_THE PROBLEM_:
Using the records that follow, reproduce exactly the lines starting at the line containing "اعاقت قوات الاحتلال" and ending at the line containing "Pásiková čipka z". Include both end lines and no pictures.

_RECORDS FOR THIS TASK_:
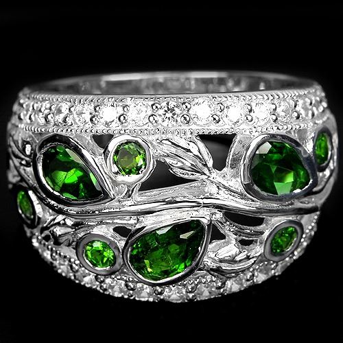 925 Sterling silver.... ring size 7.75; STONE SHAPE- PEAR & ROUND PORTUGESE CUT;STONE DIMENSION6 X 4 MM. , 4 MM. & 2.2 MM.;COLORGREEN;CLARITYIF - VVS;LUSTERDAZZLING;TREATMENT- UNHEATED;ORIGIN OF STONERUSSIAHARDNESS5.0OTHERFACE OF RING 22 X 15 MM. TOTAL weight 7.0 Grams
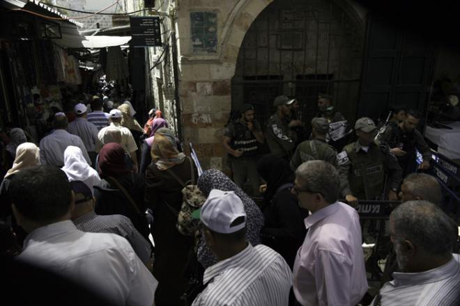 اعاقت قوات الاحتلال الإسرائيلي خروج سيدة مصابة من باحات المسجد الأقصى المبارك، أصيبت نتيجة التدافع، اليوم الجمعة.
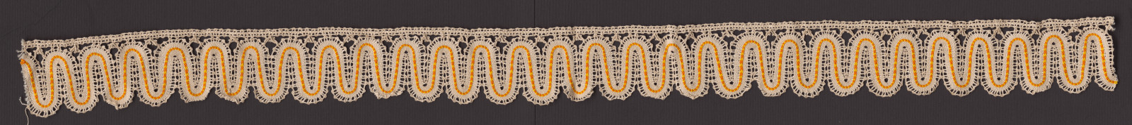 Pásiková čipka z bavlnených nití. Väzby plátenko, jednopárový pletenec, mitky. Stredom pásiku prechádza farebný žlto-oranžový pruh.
* * *
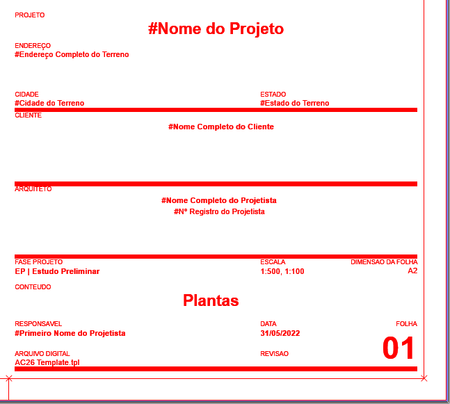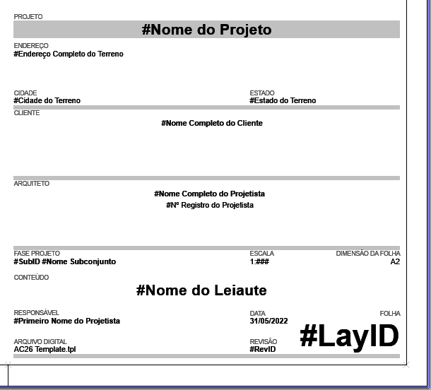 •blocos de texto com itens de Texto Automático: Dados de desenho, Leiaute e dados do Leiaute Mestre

_TASK OUTPUT_:
 اعاقت قوات الاحتلال الإسرائيلي خروج سيدة مصابة من باحات المسجد الأقصى المبارك، أصيبت نتيجة التدافع، اليوم الجمعة.
 Pásiková čipka z bavlnených nití. Väzby plátenko, jednopárový pletenec, mitky. Stredom pásiku prechádza farebný žlto-oranžový pruh.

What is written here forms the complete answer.